Então lá estou eu diante da prefeitura com meu coração vermelho no peito, que me acompanhou nos dias em que ainda dava para lutar pelas árvores da Beira-Rio, por uma Porto Alegre para as pessoas, não para os carros, por um projeto de cidade, não por uma cidade sem projeto. Lá está minha mãe com um botton estampando o símbolo da paz. Ele veio de São Francisco muito antes de eu nascer. Lá estão as tantas pessoas que eu conheci esse ano: arquitetos, professores, moradores do Centro, um monge budista, um mágico com tendências zapatistas, advogados, os que estão sempre de bicicleta, o homem que salvou a Gonçalo de Carvalho, o biólogo da SMAM que teme pelas palmeiras da Osvaldo Aranha. E o Ismael Caneppele. E a Katia Suman. E a Cláudia Tajes. Éramos, somos, muitos.
Esse é certamente um ano especial. Nós ocupamos praças e parques para ouvir música e tomar quentão. Brincamos com o fato de todas as semanas estarem cheias de protestos na lista de eventos do Facebook (isso antes das grandes manifestações de fato começarem a acontecer). Nós criamos um programa de rádio independente para discutir as questões da cidade. Ouvimos gente buzinar na rua, e eles nos diziam "vão trabalhar", quando o caso era justamente o contrário: estávamos dando tempo de nosso trabalho e de nossa vida pessoal em nome de uma causa. Hoje, quando as grandes manifestações enchem as avenidas, e os cantos ecoam, e os cartazes se sucedem pedindo um milhão de coisas mas talvez uma só, pode-se ver nas janelas as pessoas que acenam, que sacodem seus lençóis brancos, que jogam papel picado, e a gente ali embaixo se sente acolhido e cheio de esperança.

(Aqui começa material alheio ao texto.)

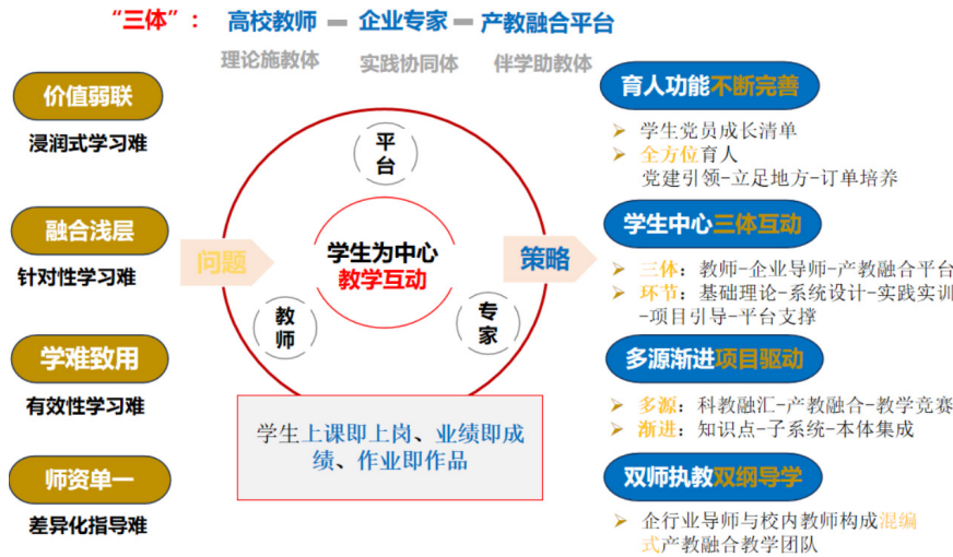
图 1 国际贸易实务课程产教融合教学体系

真问题、开展项目真研究、锤炼师生真本事，全方位展现校内教学与产业界互动互融互促。学生在真实场景下真学真做，达到真企真训、真题真做，做中学、学中做。学生上课即上岗、业绩即成绩、作业即作品，实现课堂与工作场所、学生身份与员工身份、企业文化与校园文化的“三融合”，助推“课堂革命” [3] 。

Cantamos o hino do Rio Grande do Sul. Acho que seremos os últimos a esquecer que isso tudo, a luta pela redução da passagem de ônibus, começou aqui, em Porto Alegre. Pouco importa, porque talvez o mais emblemático não seja o nosso bairrismo (esse já é esperado), mas o fato de que havia, na multidão, muitas bandeiras do Brasil. Tenho certeza de que eu não via uma bandeira do Brasil tão próxima de mim desde a Copa de 94. Aliás, a maioria dos manifestantes não tem idade para ter assistido à Copa de 94, mas outros são crescidos o suficiente para terem participado das Diretas Já e do Fora Collor. Eu estou no meio do caminho.
O poder da multidão é incrível, mas não é ilimitado. O poder da multidão é sobretudo o poder de deixar políticos confusos. As demandas são difusas, desencontradas? Na verdade, todas elas me parecem ter o mesmo núcleo duro: partem da dolorosa constatação de que a maioria dos políticos não está trabalhando pelos interesses do povo. Representar o povo é uma daquelas definições óbvias do metiê, e no entanto, na prática, uma empreiteira que financia campanhas eleitorais tem a voz mais potente que um milhão de homens. Mas é que os homens estavam calados e resignados e certos de que o Brasil seria eternamente cotado como o país do futuro.
Todos temos, em resumo, uma lista particular de reclamações, mas elas se tocam em inúmeros pontos. Fala-se muito em saúde e educação, por exemplo, e raramente em segurança pública. Eu simpatizo com isso. Movimentos que elegem a segurança como única bandeira costumam ser elitistas e umbiguistas, porque a segurança pública, grosso modo, é o único "revés" da desigualdade brasileira que literalmente bate na porta dos mais abastados. Quanto à saúde e à educação, desconfio que a maioria das pessoas que está saindo para a rua não depende nem do SUS, nem do ensino público, mas isso certamente não desqualifica as demandas, muito pelo contrário: mostra que nós enfim compreendemos que um país socialmente saudável, sem violência, só se constrói se diminuirmos as diferenças.
Há também demandas mais pontuais, e portanto mais fáceis de serem respondidas pelo poder público: uma rejeição completa ao PEC-37, ao Estatuto do Nascituro, a Marco Feliciano e à "cura gay" - é bom ressaltar, aliás, que o projeto da "cura gay" é de autoria do deputado João Campos (PSDB-GO). Em relação ao transporte público, os manifestantes - ou ao menos os meus amigos que estão lá, quase todos com mais de trinta anos - entendem que isenção de impostos e subsídios são medidas paliativas e, em alguns casos, equivocadas. Por que o poder público tira dinheiro de seus próprios cofres, e não ousa mexer na margem de lucro das empresas privadas?
Não custa lembrar que, em Porto Alegre, não temos licitação para o transporte municipal há mais de vinte anos.
Que a luta, portanto, continue. Eu nunca achei que vinte centavos valessem tanto.